#### [Provided records]
++++

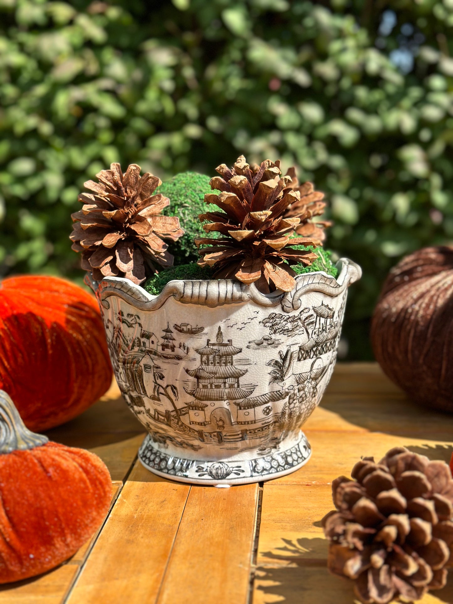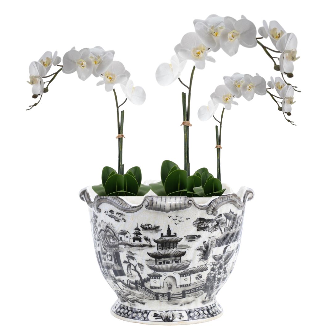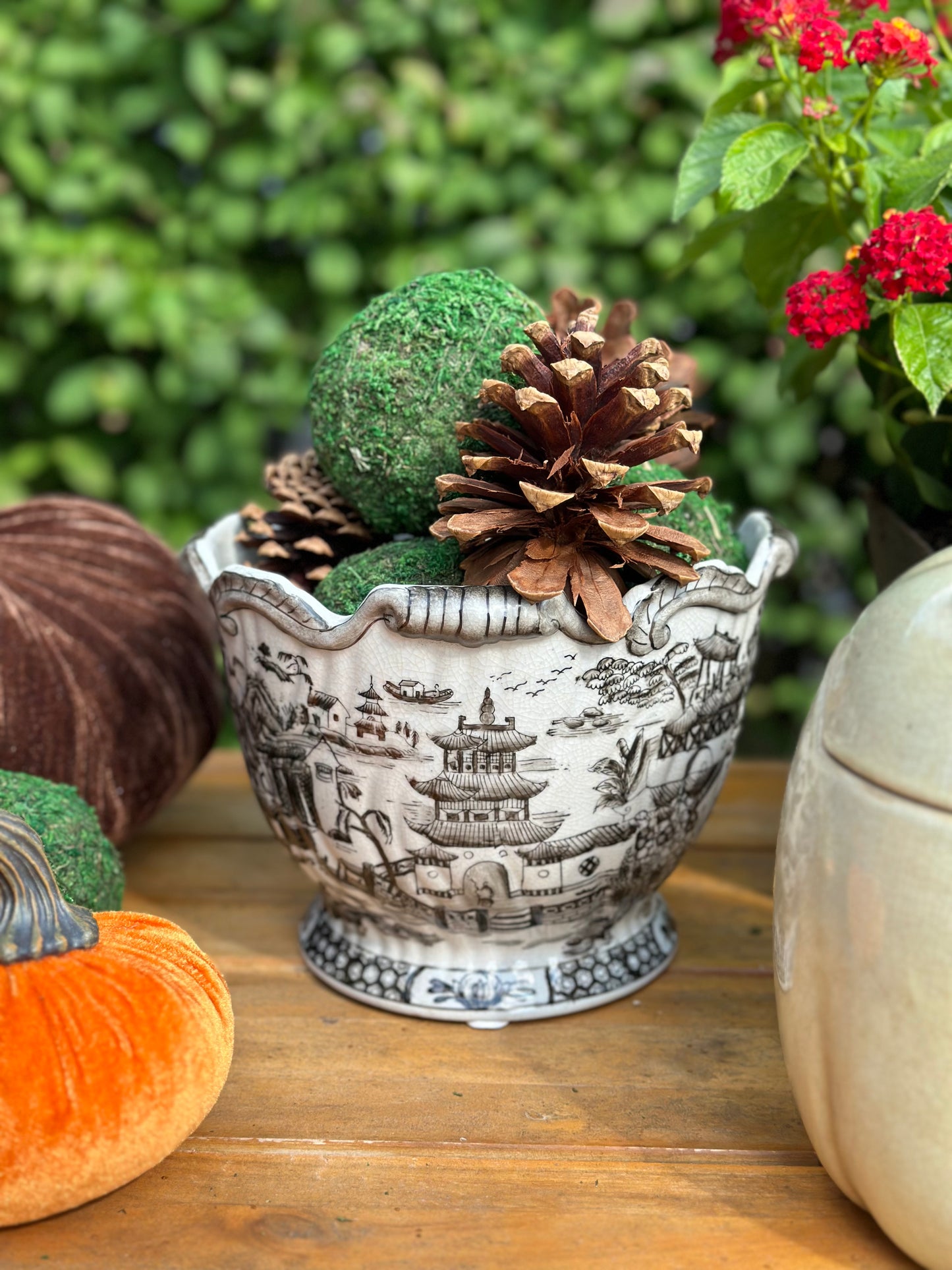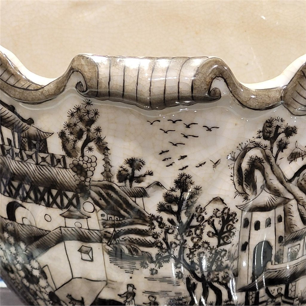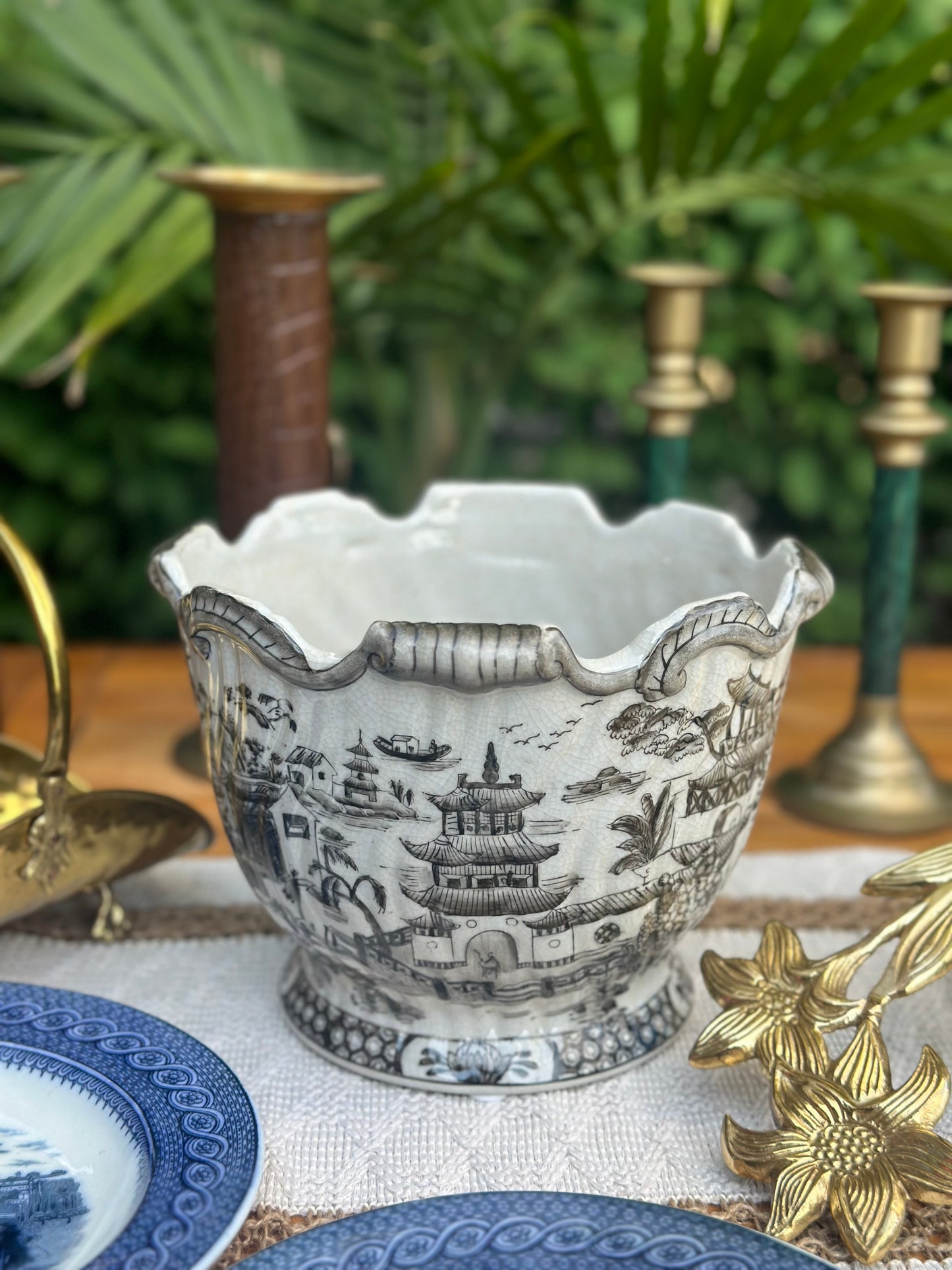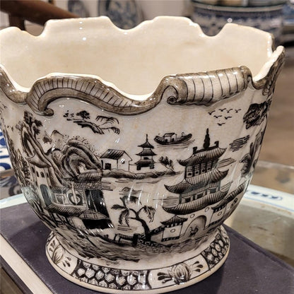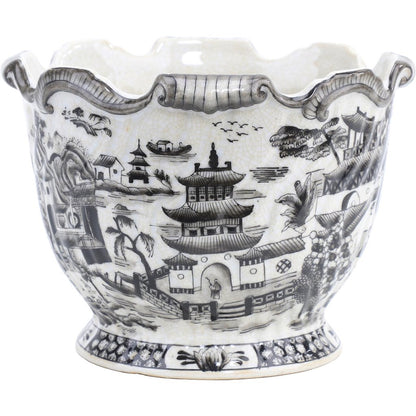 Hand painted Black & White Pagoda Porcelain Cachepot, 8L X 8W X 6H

++++

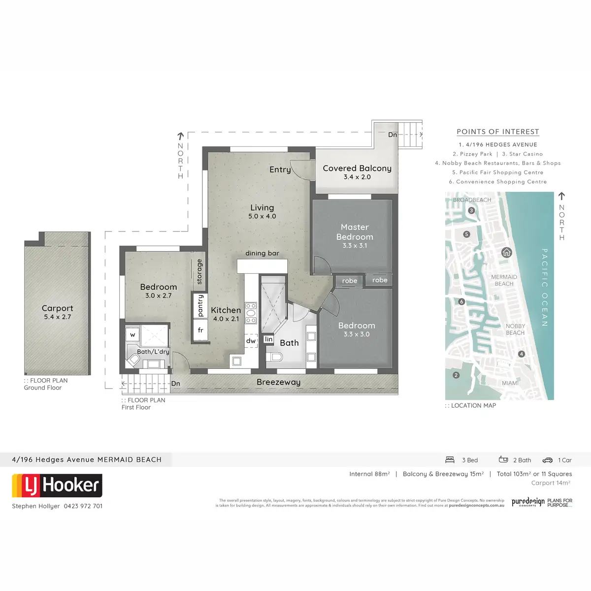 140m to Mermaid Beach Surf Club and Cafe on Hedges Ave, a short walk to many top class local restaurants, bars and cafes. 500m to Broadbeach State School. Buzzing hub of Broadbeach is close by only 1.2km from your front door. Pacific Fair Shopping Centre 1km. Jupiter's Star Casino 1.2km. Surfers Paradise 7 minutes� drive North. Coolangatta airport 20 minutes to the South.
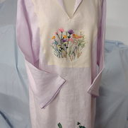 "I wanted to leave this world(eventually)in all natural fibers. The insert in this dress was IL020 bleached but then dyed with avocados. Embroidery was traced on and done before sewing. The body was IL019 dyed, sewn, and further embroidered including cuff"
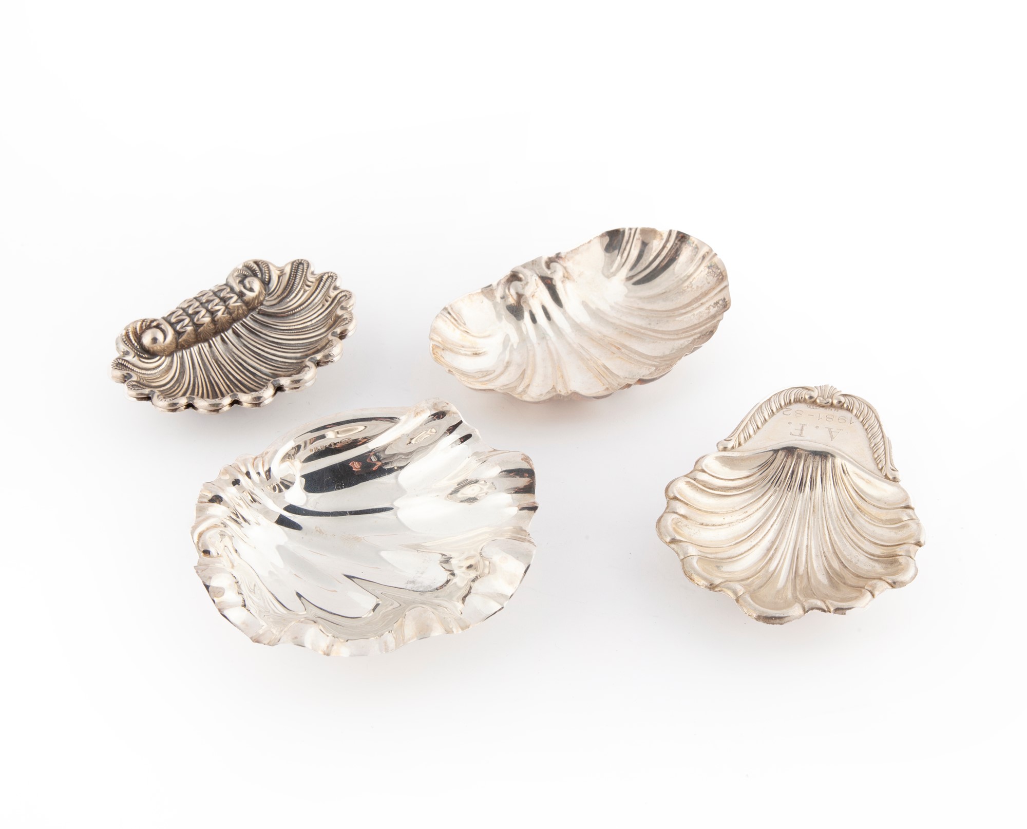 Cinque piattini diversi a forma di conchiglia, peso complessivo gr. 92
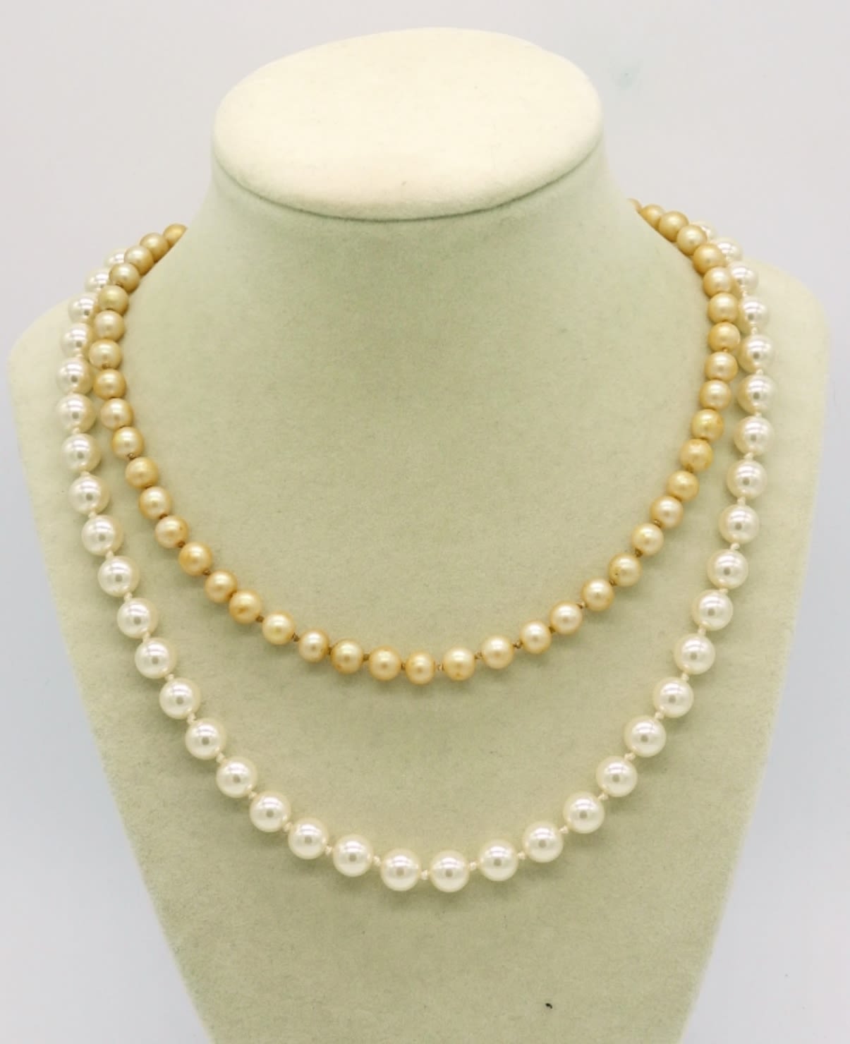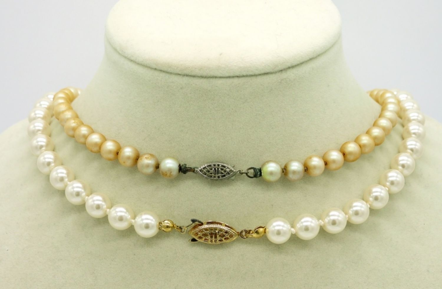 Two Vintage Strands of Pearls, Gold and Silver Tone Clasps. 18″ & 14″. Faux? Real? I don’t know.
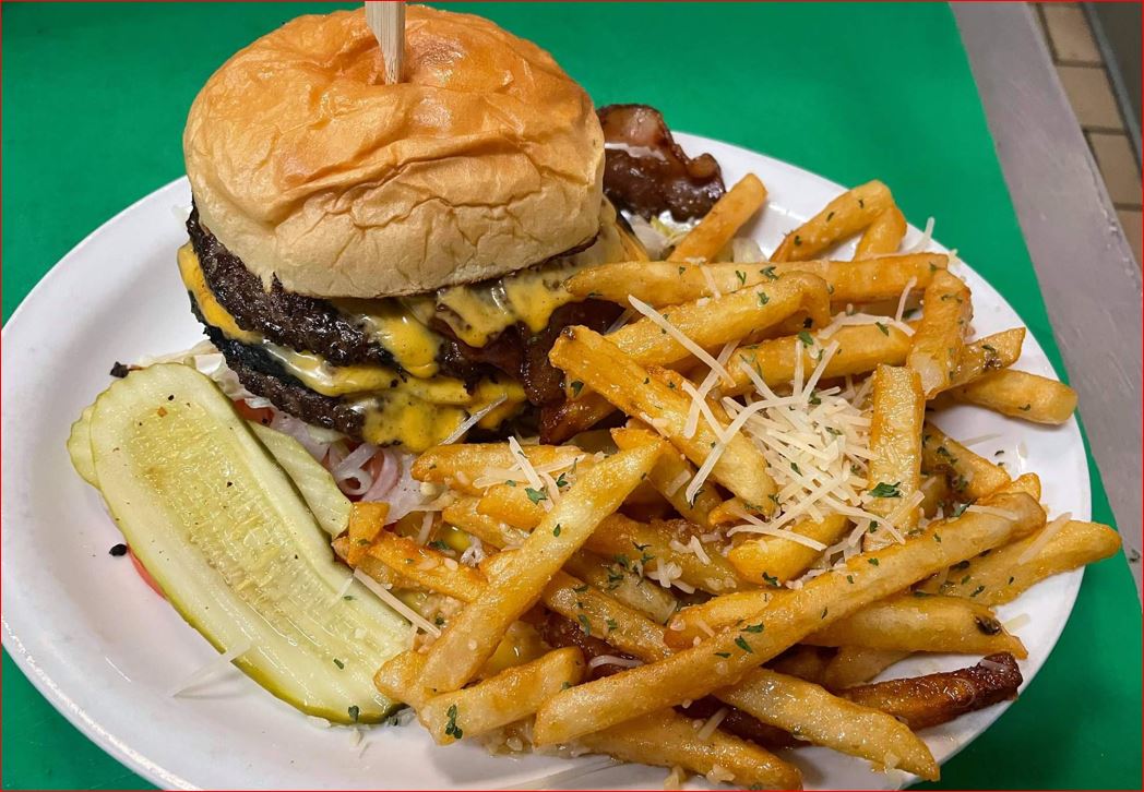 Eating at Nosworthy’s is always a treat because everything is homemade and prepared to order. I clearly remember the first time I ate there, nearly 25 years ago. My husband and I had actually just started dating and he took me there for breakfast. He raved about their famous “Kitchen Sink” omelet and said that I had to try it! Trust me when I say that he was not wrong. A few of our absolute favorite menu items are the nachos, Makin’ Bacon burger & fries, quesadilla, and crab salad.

++++

With the pictures removed from your copy, retype the lines above from the one that contains "wanted to leave" through the one that contains "Eating at Nosworthy’s", exactly.

 "I wanted to leave this world(eventually)in all natural fibers. The insert in this dress was IL020 bleached but then dyed with avocados. Embroidery was traced on and done before sewing. The body was IL019 dyed, sewn, and further embroidered including cuff"
 Cinque piattini diversi a forma di conchiglia, peso complessivo gr. 92
 Two Vintage Strands of Pearls, Gold and Silver Tone Clasps. 18″ & 14″. Faux? Real? I don’t know.
 Eating at Nosworthy’s is always a treat because everything is homemade and prepared to order. I clearly remember the first time I ate there, nearly 25 years ago. My husband and I had actually just started dating and he took me there for breakfast. He raved about their famous “Kitchen Sink” omelet and said that I had to try it! Trust me when I say that he was not wrong. A few of our absolute favorite menu items are the nachos, Makin’ Bacon burger & fries, quesadilla, and crab salad.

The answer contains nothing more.